Desde hacía varios años, los pequeños hacían un amigo invisible paralelo en el que participaban todos los primos entre siete y diecisiete años y en el que se reproducía la dinámica de los mayores con dos salvedades: los regalos tenían que ser hechos a mano —se podían comprar los materiales pero no valían regalos comprados tal cual— y en la caja de los votos se depositaban chuches en lugar de dinero.

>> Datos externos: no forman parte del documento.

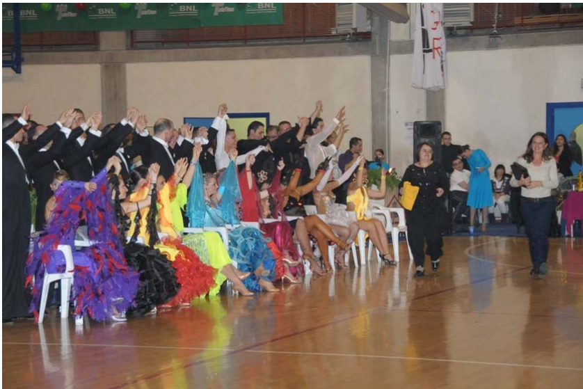
I funzionari della BNL festeggiati dagli atleti del Team Match.

A nostro parere è giusto che anche i non addetti ai lavori conoscano questa occasione anche per imitarla, magari in altre attività e in ogni caso dare un apprezzamento meno approssimativo a quello che viene considerato il ballo: solo un divertimento.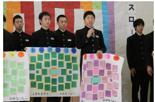
【生徒会引き継ぎ式の様子】

2月は1年間のまとめの月になります。生徒会活動では後期の生徒総会が行われ、1年間の生徒会活動を振り返ると共に、3年生から1・2年生に引き継ぎが行われました。今年は、生徒会本部や各専門委員会で、例年以上に工夫した様々な活動を企画し、生徒全員で学校をより良くしようという意識をもって取り組んできました。そのため、この1年間、生徒会活動はとても活発に行われたと思います。引き継ぎ式では、全校生徒が書いた生徒会本部や各専門委員会への感謝の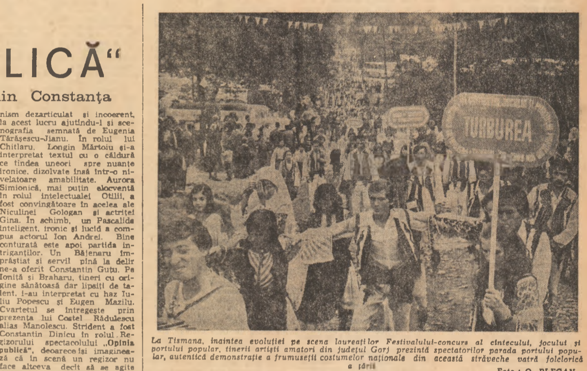
La Tismana, înaintea evoluției pe scena lucrărilor Festivalului-concurs al cîntecului, jocului și portului popular...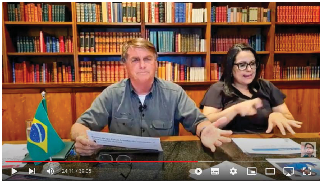
Figura 1: Jair Bolsonaro e a intérprete de Libras Elisângela em live do YouTube no dia 28 de abril de 2022

Todas as transmissões ao vivo de Bolsonaro seguiram um padrão ao longo de 2022. O então presidente ficava sentado em uma mesa e, como parte do cenário, havia sempre uma bandeira do Brasil. Seja pendurada ao fundo, na parede, ou em cima da mesa, quando as lives ocorriam na biblioteca do Palácio da Alvorada, residência oficial dos presidentes brasileiros.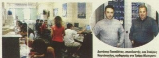
Ο κύριος των τεχνολογιών του Τμήματος Ηλεκτρονικής...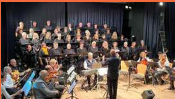
CONCERT DE L'ENSEMBLE DE CORDES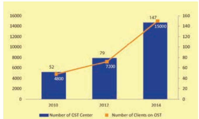
ओ एस टी केन्द्रों की संख्या और ओ एस टी कार्यक्रम के तहत रोगियों की कवरेज

ओएसटी, रोगियों को शारीरिक रूप से और मानसिक रूप से स्थिर करता है जिससे सही ढंग से सोचने की उनकी क्षमता में सुधार होता है और उन्हें पूर्ण स्वस्थता प्राप्त करने के लिए और समाज में पुनः शामिल होने के लिए अन्य जीवनशैली संबंधी परिवर्तनों अनुरूप ढालती हैं।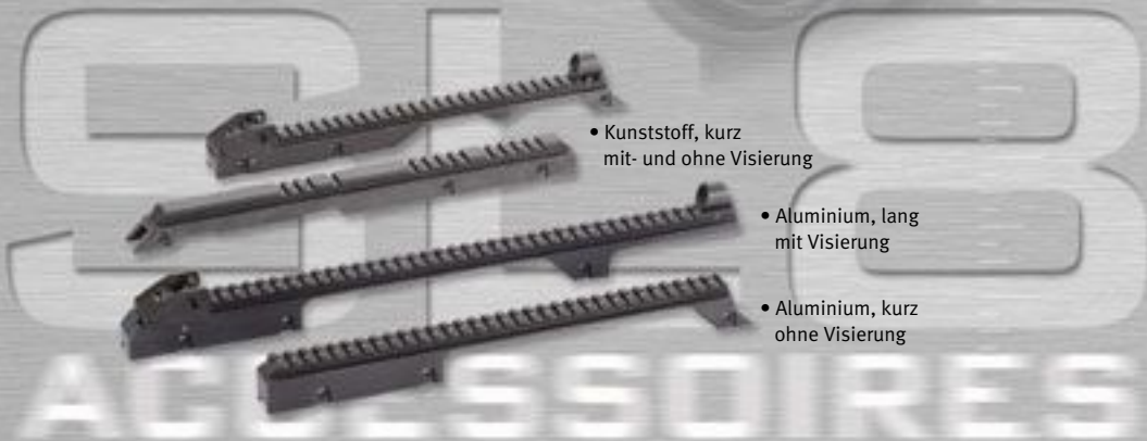
• Kunststoff, kurz mit- und ohne Visierung • Aluminium, lang mit Visierung • Aluminium, kurz ohne Visierung SL8 Kurze und lange Montageschienen für optische oder mechanische Visierungen, in Aluminium- oder Kunststoffausführung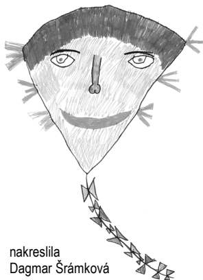
nakreslila Dagmar Šrámková

Dne 2.října na Veselí proběhla akce zvaná DRAKIÁDA. Na této akci se vyskytlo mnoho kupovaných draků, ale i mnoho doma vyrobených draků. Na této akci proběhly 3 úkoly. Nakonec se šlo ke Klézlům, tam se konalo vyhodnocení soutěží a pak opékání párků. Já jsem skončila druhá za doma vyrobeného draka. Zúčastnili se farníci z Oder a okolí. Drakiáda se mi moc líbila.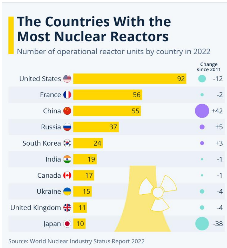
Figura 2- Os países com mais reatores nucleares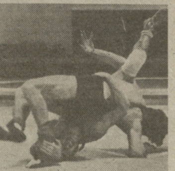
კატეგორიების მიხედვით დღეს გამოვლინდებიან ფინალური შეხვედრები 11 საათზე დაიწყება.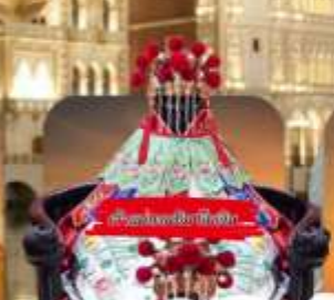
วัดของงก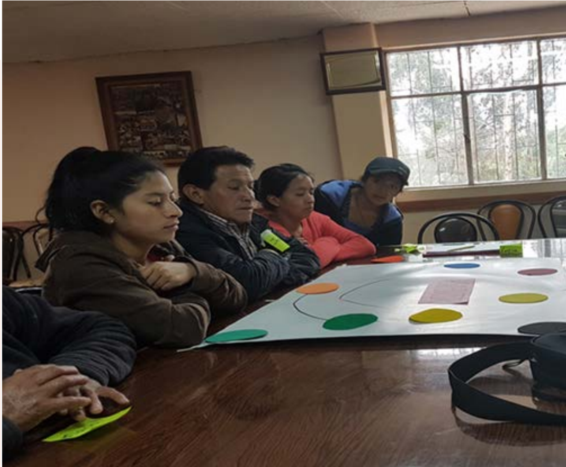
Reuniones en la Comunidad

ASOPROTUR es una organización ubicada en SAN PEDRO DE HIERBABUENA; Parroquia TURI, Cantón Cuenca conformada por hombres y mujeres campesinas que busca mejorar la calidad de vida de los habitantes dando respuesta a: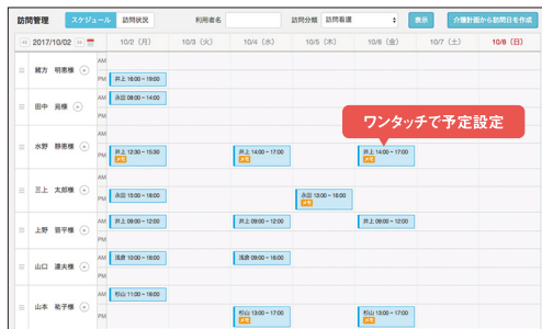
● 訪問スケジュール作成画面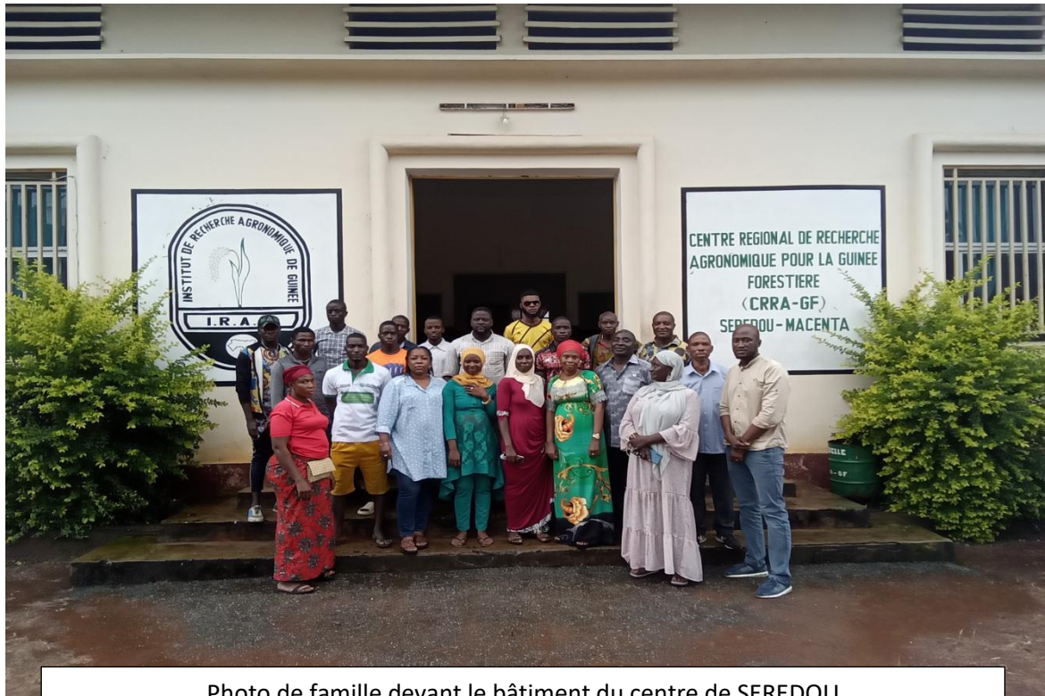
Photo de famille devant le bâtiment du centre de SEREDOU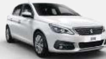
PEARLESCENT | N9M6 | לבן פנינה מטאלי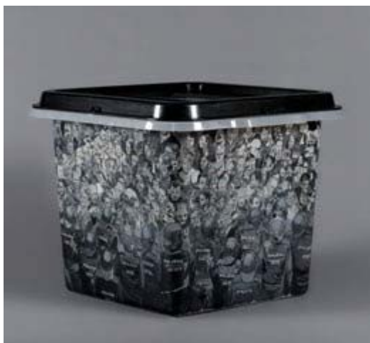
DOLORS RUSIÑOL MASRAMON. Vic, 1959

Catalunya 1 d'octubre del 2017. L'urna està recoberta dels diaris del 2 d'octubre, que es poden llegir des de l'interior, a fora el suport està totalment pintat. Una senyora gran amb una papereta a la mà és a punt de votar, envoltada per una multitud enfrontada a les forces policials. Significa la força de la unió de la gent davant la repressió.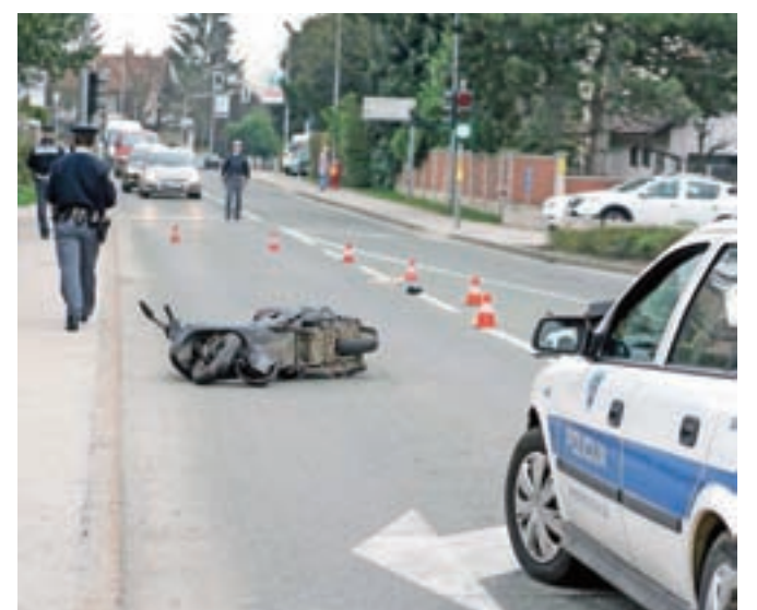
Motoristična sezona se še niti začela ni, pa so ceste terjale že šest življenj motoristov (slika je simbolična).

AVP je sicer ravnokar izvedla dvotedensko nacionalno akcijo osveščanja glede varnosti motoristov, v okviru katere je opozarjala tako motoriste na previdno vožnjo in upoštevanje vremenskih in prometnih razmer, kot tudi druge udeležence v prometu, naj bodo pozorni na motoriste. Prvič doslej se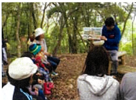
大学生のお兄さんが読み聞かせをしてくれました!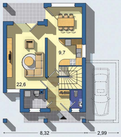
POSCHODIE [plocha 69.4 m 2 ]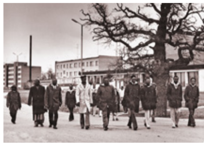
Aafrika arengumaade ametiühingu delegatsioon suundumas Vinni klubist spordihoonesse 1978. a.

sellest, mida nägin nendest, ka Prantsuse külades, kus minu elu möödub, siis võiks ka selles kauges Prantsusmaas palju huvitavaid asju teha.“ 26. juulil oli külalised S. Kirovi nim näidiskalurikolhoosist, 27. juulil Kaug-Idast Burjaadi ANSV-st. 30.–31. juulil tutvusid Vinniga Hiiumaa majandite juhid ja ja rajooni põllulalituse töötajad.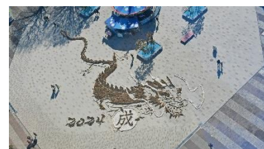
干支の巨大地上絵（2023年12月17日撮影）

11月以降は昨年度に引き続き、歴代上位となる入園者数となりました。11月は歴代1位（開園年を除く）、12月・2月が歴代2位、1月は歴代3位（開園年を除く）の入園者数を記録。平均気温の高さに加え、コキアの紅葉が例年より延伸したことや、海・花そとあそび（イベント）の開催規模拡大、干支の巨大地上絵やアイスチューリップの展示、期間限定ドッグランの開設など、魅力向上に努めたことが奏功しました。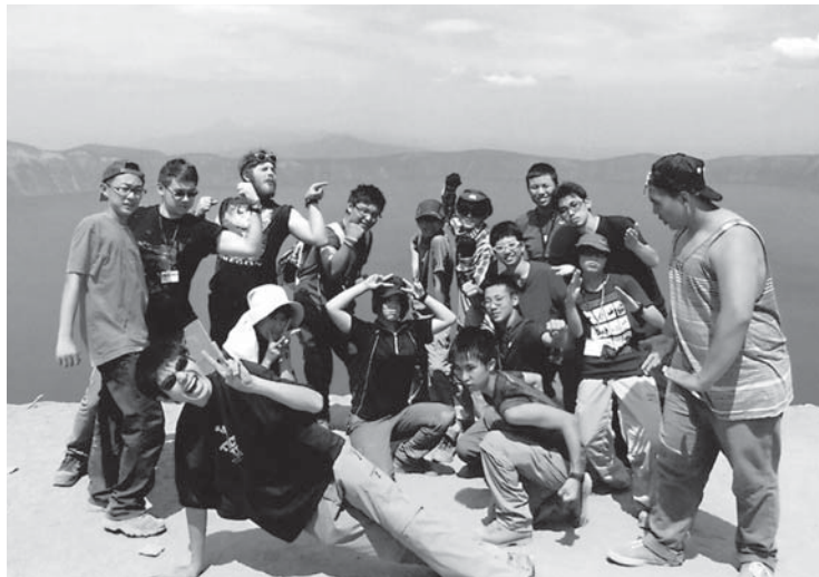
僕と仲間と毎日自然!!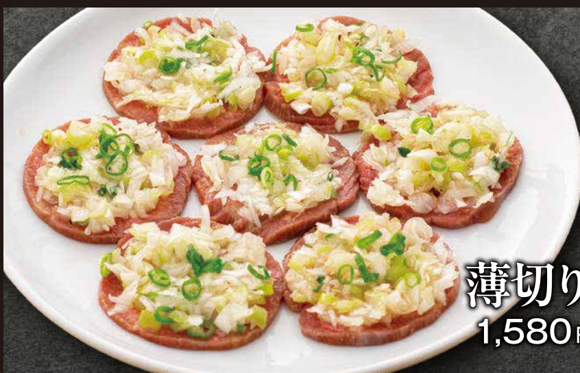
薄切り牛タン (ネギ塩) 70g 1,580 円(税込1,738 円)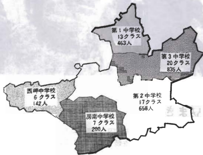
統合後の学区と学級数・生徒数 (55年4月推計)

房、第四の各中学校は、なくなりますが、昭和四十一年に学校統合審議会の答申が出て以来、統合を検討してきましたが、適当な用地がなく、具体的に進みませんでした。しかし、館山高校が昨年八月に高井地区に移転、その跡地が統合中学の用地に利用できることになりました。市教育委員会では、五十二年から対象となる地区の父兄と話し合いを重ね、父兄の同意が得られました。今年四月からの学区と生徒数は左の図のようになります。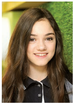
Иван МАКЕЕВ/«КП» - Москва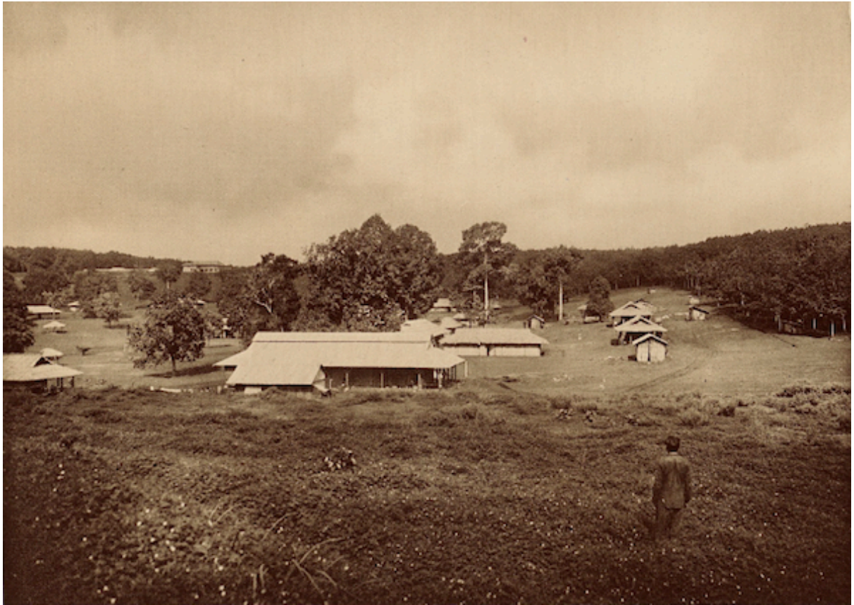
Planche 166. — Quan-loi. Un village tonkinois.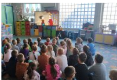
• Wizyta ekodoradcy w Przedszkolu Publicznym nr 10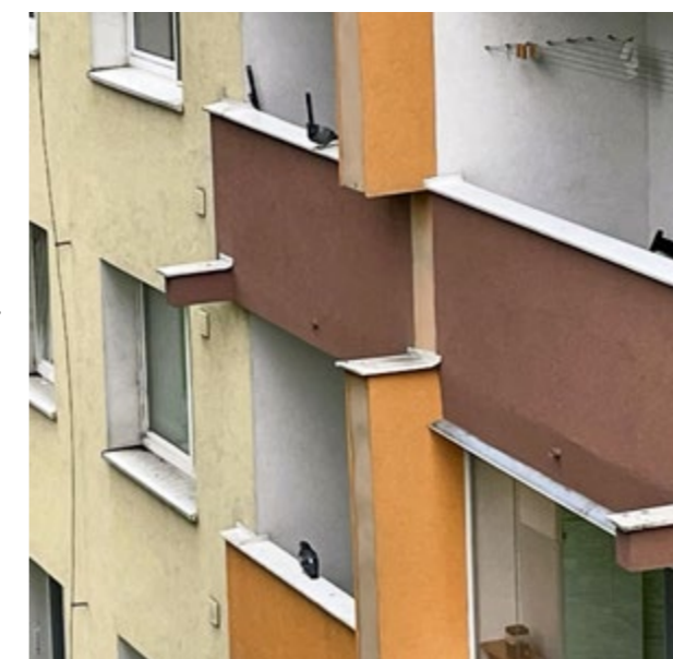
▲ Balkóny sa stávajú obľúbené hlavne vtedy, keď sú nevyužívané, s množstvom poličiek, kvetináčov či skriniek.

na vlastníkoch/správcovi. „Znečisťovaniu fasády a lodžii je možné predchádzať napríklad inštaláciou ochranných sietí, gélov alebo hrotových zábran,“ odporúča samospráva. Rovnako ako zabezpečenie medzier či odchyt holubov. „Predovšetkým je však potrebné medzi ich prikrmovaniu zo strany obyvateľov. Holuby, ktoré si zvykli na pravidelný prísun potravy, sa zdržujú v jeho blízkosti,“ dodáva hovorkyňa.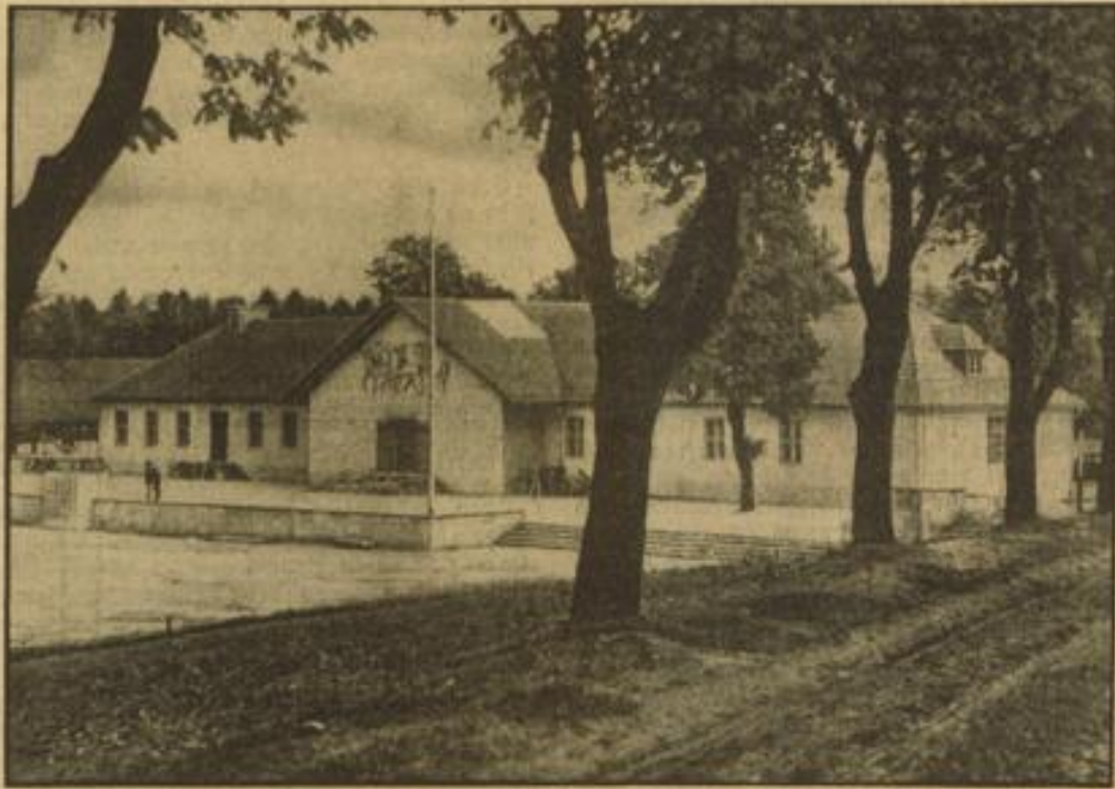
Die Adolf-Hitler-Weihestätte in Pasewalk

Eine Rückkehr zu dieser Linie, die von Italien und Deutschland konsequent verfolgt worden ist, kann also nicht, wie zum Teil in irreführender Weise in der ausländischen Presse behauptet wird, als eine sensationelle Wendung der Haltung Italiens und Deutschlands angesehen werden. Mit den letzten Beschlüssen im Nicht-Einmischungsausschuss ist übrigens keineswegs eine restlose Lösung der Freiwilligenfrage erfolgt. Der Nicht-Einmischungsausschuss muß seine Schlüsse nicht in sich selbst fassen. Solange die Zustimmung Sowjetrußlands zu den am Mittwoch ins Auge gefassten Vorschlägen nicht einwandfrei feststeht, ist es daher verfrüht, von einem vollständigen Wandel der Lage zu sprechen.

Los menores de siete años solían recibir un regalo de cada familia, aunque ya solo quedaba Flavia que era la menor de todos los primos.

Cuando acababa la ceremonia de entrega de regalos —sobre las seis— se sacaba la merienda. Después de merendar, se concentraban en torno al belén y rezaban juntos el rosario. Cada familia ofrecía un misterio. Como era Navidad, contemplaban siempre los misterios gozosos. Solía ser un momento muy emotivo porque se ponían intenciones muy concretas.

Jacobo tomó la palabra cuando le tocó el turno a la familia del tío Juan:

—Tercer Misterio: el nacimiento del Hijo de Dios en Belén. Ofrecemos este misterio por los bebés que vienen en camino y se van a incorporar a la familia el año que viene —dijo mirando alternativamente a las primas embarazadas, guiñándole un ojo a la prima So— y por las víctimas del aborto que haya habido en nuestro país durante este año.

Y continuó con el Padrenuestro.

Cuando le tocó el turno a la familia de Papá, Vera le hizo una señal a su padre para indicarle que quería ser ella la que pusiera la intención del misterio familiar. Papá la invitó a hacerlo con un gesto y una sonrisa.

—Quinto Misterio: el Niño perdido y hallado en el templo. Ofrecemos este misterio por aquellos de nuestra familia que conocen a Dios pero viven como si no lo conocieran.

Dijo esto mirando alternativamente a Mamá y a Jacobo. Notó por el rabillo del ojo que los demás la miraban entre sorprendidos y expectantes.

—Padre Nuestro que estás en el cielo... —empezó, dando a entender que no pretendía añadir ningún matiz.

Finalizado el rosario —sobre las ocho— las familias empezaban a marcharse porque muchos trabajaban al día siguiente, vivían a cierta distancia o tenían niños pequeños.

Cuando todos se hubieron marchado, Vera decidió retomar la lectura. Apenas quedaba un par de páginas. Las leyó. Sin embargo, no encontró la conclusión que esperaba. De hecho, no se podía decir que hubiera una conclusión propiamente dicha. Simplemente, no había más palabras.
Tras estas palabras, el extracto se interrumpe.